Problem —
In the records below, find the line with "5月21日,参加2025年浙江省龙井茶炒制技能大赛的选手在炒制龙井茶。", then retype it and every following line exactly, stopping after the line with "楚雄福泉中學(xué)關(g". Leave the pictures out.

Task input —
########
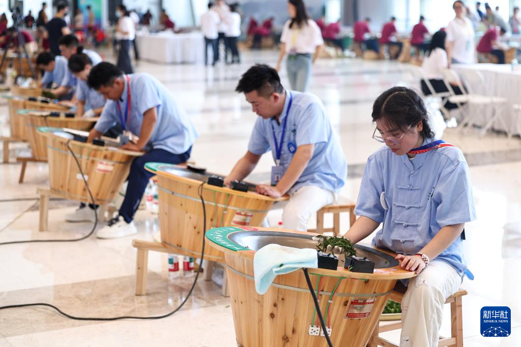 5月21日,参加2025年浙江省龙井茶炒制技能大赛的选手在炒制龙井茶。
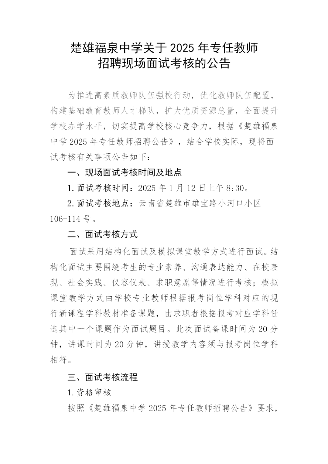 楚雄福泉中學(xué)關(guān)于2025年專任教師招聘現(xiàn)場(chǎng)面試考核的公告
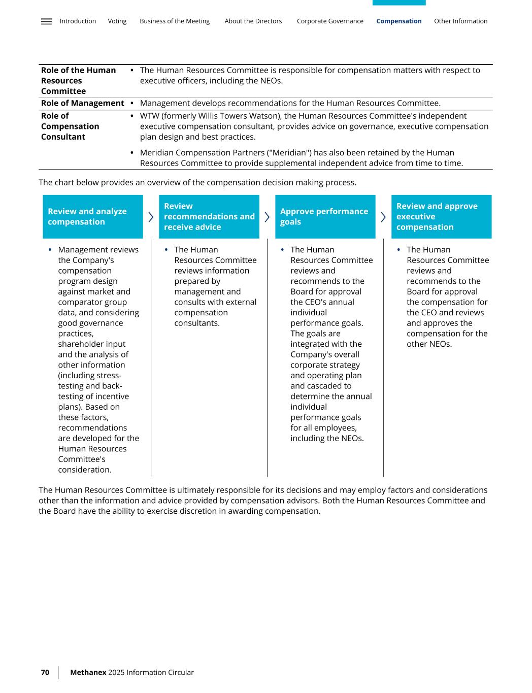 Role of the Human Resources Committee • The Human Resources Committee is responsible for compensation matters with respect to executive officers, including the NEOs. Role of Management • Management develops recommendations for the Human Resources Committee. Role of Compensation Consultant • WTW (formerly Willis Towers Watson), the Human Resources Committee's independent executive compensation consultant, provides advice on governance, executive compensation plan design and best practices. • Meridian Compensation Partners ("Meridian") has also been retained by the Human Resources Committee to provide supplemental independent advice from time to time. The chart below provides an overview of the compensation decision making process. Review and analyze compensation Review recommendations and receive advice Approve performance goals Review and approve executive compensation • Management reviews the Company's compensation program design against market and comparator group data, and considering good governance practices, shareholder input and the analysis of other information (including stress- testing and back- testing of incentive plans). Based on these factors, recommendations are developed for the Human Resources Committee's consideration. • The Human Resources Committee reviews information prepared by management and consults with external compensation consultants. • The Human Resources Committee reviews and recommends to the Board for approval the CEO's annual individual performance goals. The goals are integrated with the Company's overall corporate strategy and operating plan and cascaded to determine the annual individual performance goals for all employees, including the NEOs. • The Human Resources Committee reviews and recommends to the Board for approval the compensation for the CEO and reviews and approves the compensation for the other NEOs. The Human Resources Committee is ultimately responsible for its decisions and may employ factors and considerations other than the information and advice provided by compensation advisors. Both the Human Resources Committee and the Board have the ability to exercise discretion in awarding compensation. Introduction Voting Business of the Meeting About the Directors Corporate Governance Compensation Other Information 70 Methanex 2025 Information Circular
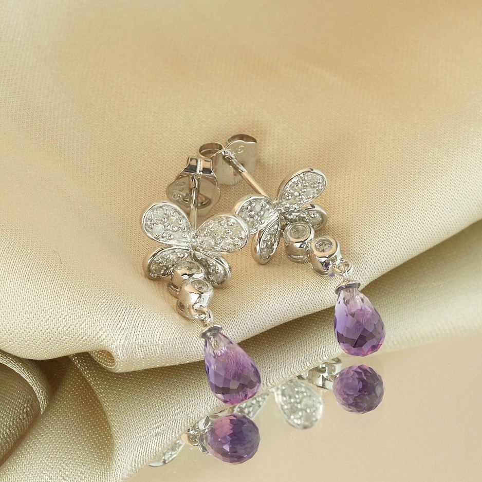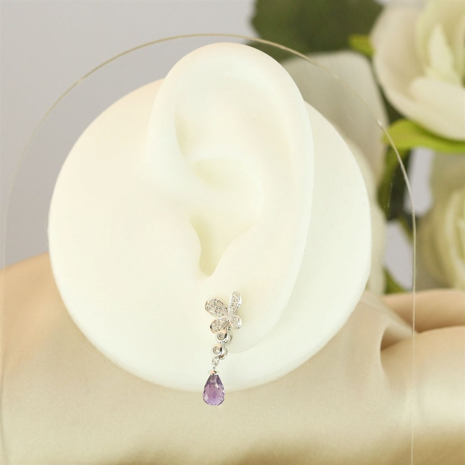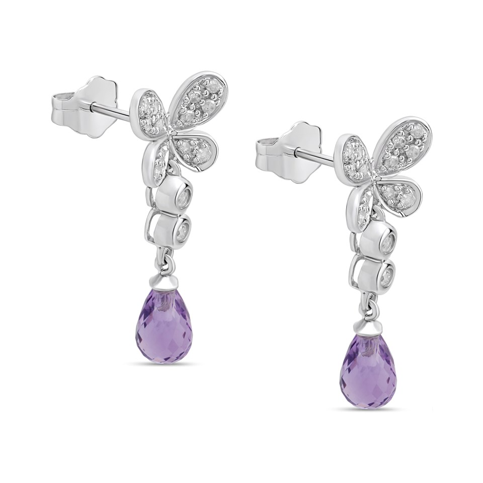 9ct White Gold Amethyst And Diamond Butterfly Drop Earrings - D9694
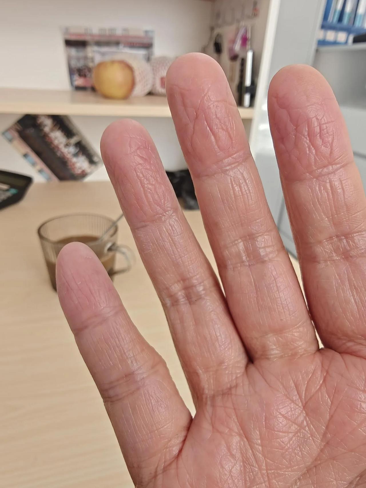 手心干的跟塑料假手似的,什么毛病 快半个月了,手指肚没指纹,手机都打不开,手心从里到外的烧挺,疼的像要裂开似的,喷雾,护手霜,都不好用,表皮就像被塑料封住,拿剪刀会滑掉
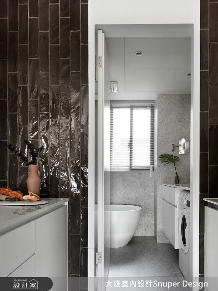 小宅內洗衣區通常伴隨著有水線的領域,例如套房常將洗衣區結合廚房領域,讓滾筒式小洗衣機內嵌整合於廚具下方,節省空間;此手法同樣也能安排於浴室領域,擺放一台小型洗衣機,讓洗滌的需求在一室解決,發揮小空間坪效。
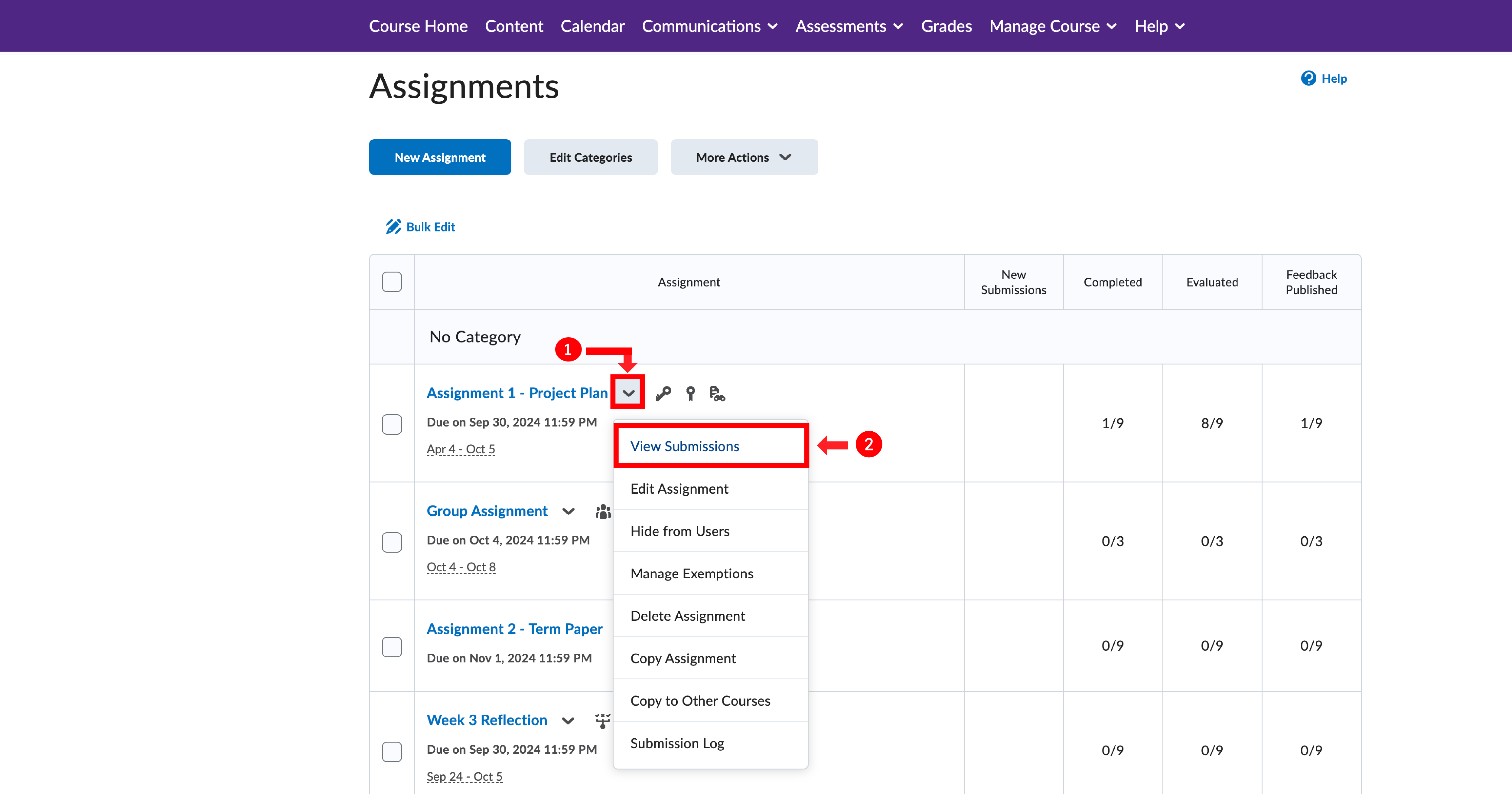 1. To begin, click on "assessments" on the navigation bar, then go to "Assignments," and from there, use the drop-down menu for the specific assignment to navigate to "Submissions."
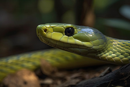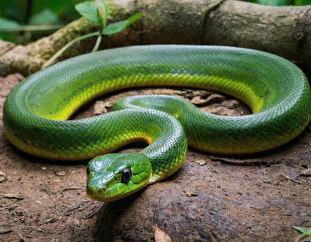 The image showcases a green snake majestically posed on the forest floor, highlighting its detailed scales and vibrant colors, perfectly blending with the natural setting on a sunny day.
########
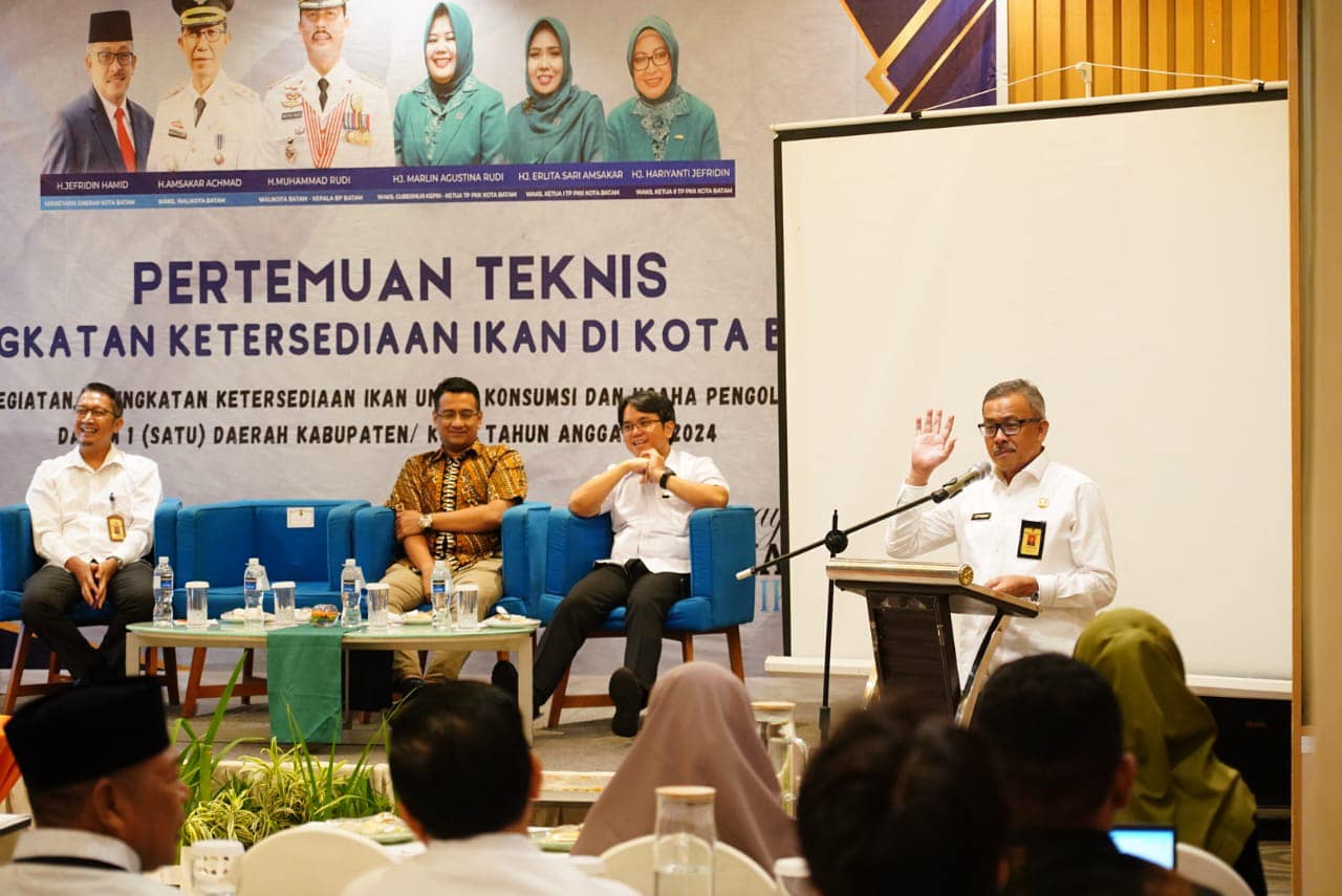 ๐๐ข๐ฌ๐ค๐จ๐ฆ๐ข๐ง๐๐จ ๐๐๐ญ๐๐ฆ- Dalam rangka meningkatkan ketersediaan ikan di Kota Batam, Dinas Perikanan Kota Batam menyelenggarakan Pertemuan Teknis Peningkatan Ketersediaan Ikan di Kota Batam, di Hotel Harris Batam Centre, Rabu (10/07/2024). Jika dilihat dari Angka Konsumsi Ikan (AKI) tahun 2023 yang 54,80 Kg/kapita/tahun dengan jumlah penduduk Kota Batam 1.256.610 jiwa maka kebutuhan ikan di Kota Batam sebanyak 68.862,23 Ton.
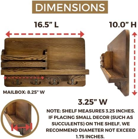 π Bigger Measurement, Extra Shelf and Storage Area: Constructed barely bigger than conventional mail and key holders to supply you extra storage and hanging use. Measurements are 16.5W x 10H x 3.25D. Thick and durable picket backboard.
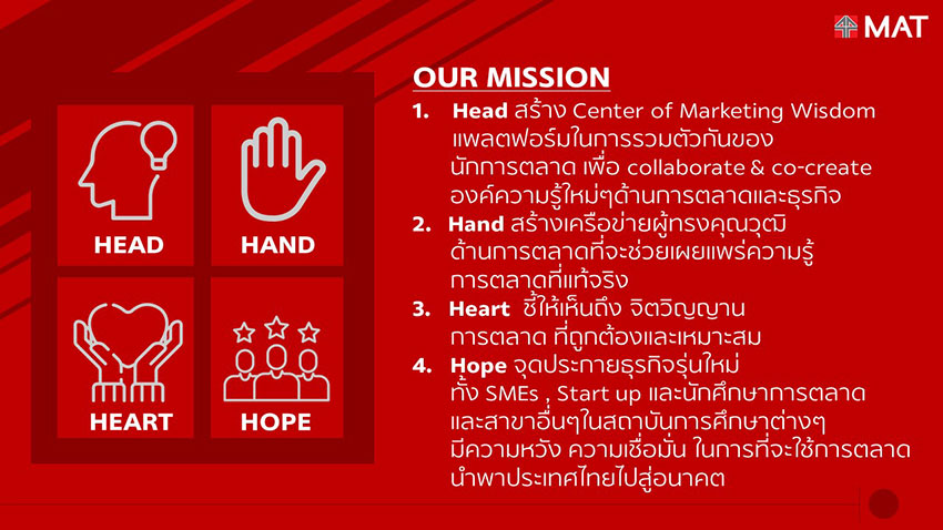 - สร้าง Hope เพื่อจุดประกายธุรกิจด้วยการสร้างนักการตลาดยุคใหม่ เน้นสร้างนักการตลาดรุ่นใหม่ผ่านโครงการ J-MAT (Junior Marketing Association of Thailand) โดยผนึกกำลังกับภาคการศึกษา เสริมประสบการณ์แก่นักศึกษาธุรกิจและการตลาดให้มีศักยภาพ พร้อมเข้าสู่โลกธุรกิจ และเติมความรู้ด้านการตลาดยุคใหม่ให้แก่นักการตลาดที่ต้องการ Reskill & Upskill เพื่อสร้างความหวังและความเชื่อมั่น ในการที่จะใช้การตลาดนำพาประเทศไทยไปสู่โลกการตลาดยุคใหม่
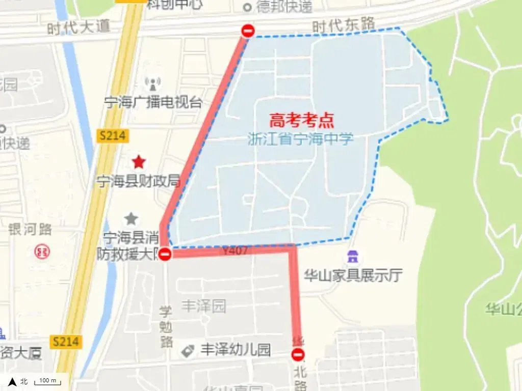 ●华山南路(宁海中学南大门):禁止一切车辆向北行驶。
########
Task result —
 5月21日,参加2025年浙江省龙井茶炒制技能大赛的选手在炒制龙井茶。
 楚雄福泉中學(xué)關(guān)于2025年專任教師招聘現(xiàn)場(chǎng)面試考核的公告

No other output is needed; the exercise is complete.